Reputation: 771
I'm having an issue with extracting HTML-code from .HTM game reports. As you can see I'm splitting the HTML file using Split()
and it usually creates around 60,000 rows for this particular play-by-play report.
Now, for 99 games out of 100 this works perfectly fine, but every now and then (such as with this exact GameID) it for whatever reason starts putting out #N/A
after just a few thousand rows - very early into the document.
I've checked the .HTM in question and it looks just like any other document that I've extracted.
Here's the code snippet:
Dim ie As Object, doc As HTMLDocument
Dim Y1 As String, Y2 As String, GameID As String
Dim SourceCode As Worksheet, c As Range
Set ie = New InternetExplorer
Set SourceCode = Worksheets("Source Code")
Y1 = "2017"
Y2 = "2018"
GameID = "0003"
ie.navigate "http://www.nhl.com/scores/htmlreports/" & Y1 & Y2 & "/PL02" & GameID & ".HTM"
Do
DoEvents
Loop Until ie.readyState = READYSTATE_COMPLETE
Set doc = ie.document
arr = Split(doc.DocumentElement.innerHTML, vbLf)
SourceCode.Range("A1").Resize(UBound(arr) + 1, 1).Value = Application.Transpose(arr)
And this is what happens (occasionally):
Does anyone have a suggestion for how to error handle this? I haven't got the slightest clue what could be causing it.
Upvotes: 2
Views: 262
Reputation: 21629
It might be easier to use Excel's built-in web query tools. (If you haven't used the feature before it might seem more complicated than it is.) Click the DATA menu, then "From Web", enter the site, and Excel will download all the organized data it can find there. The attached image shows the steps and results, and here is a link to more about Excel web queries.
To automate, you could record a macro of the steps to import a file, and then edit the macro as VBA to enter your custom dates, etc.

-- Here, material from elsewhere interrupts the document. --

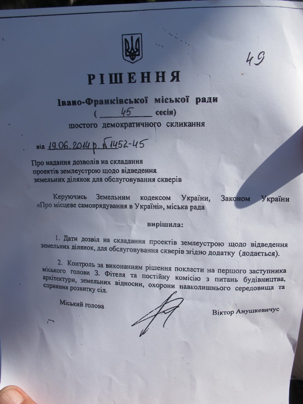 Сьогодні, 30 червня, на зустріч із громадою прийшов секретар міської ради Микола Вітенко. Приніс людям дозвіл міської ради на облагородження прилеглої території на сквер, запевнив, що жодного будівництва тут також проводити не будуть.

If you're somewhat comfortable with MS Access, it is better suited to scraping; I have a file I could pass on which I've used for scraping everything from Google to eBay (before I learned about API's!)
EDIT:
Oh! One of your problems: Your code doesn't set ie = nothing
when it's done, so each time you run the code, Excel opens another copy of Internet Explorer (hidden in the background). CTRL-ALT-DEL to see the Task Manager and I bet you have multiple copies of iexplore.exe running, sucking up all your memory, andcausing the crashes. Reboot to fix that and try again, or try another method (after rebooting).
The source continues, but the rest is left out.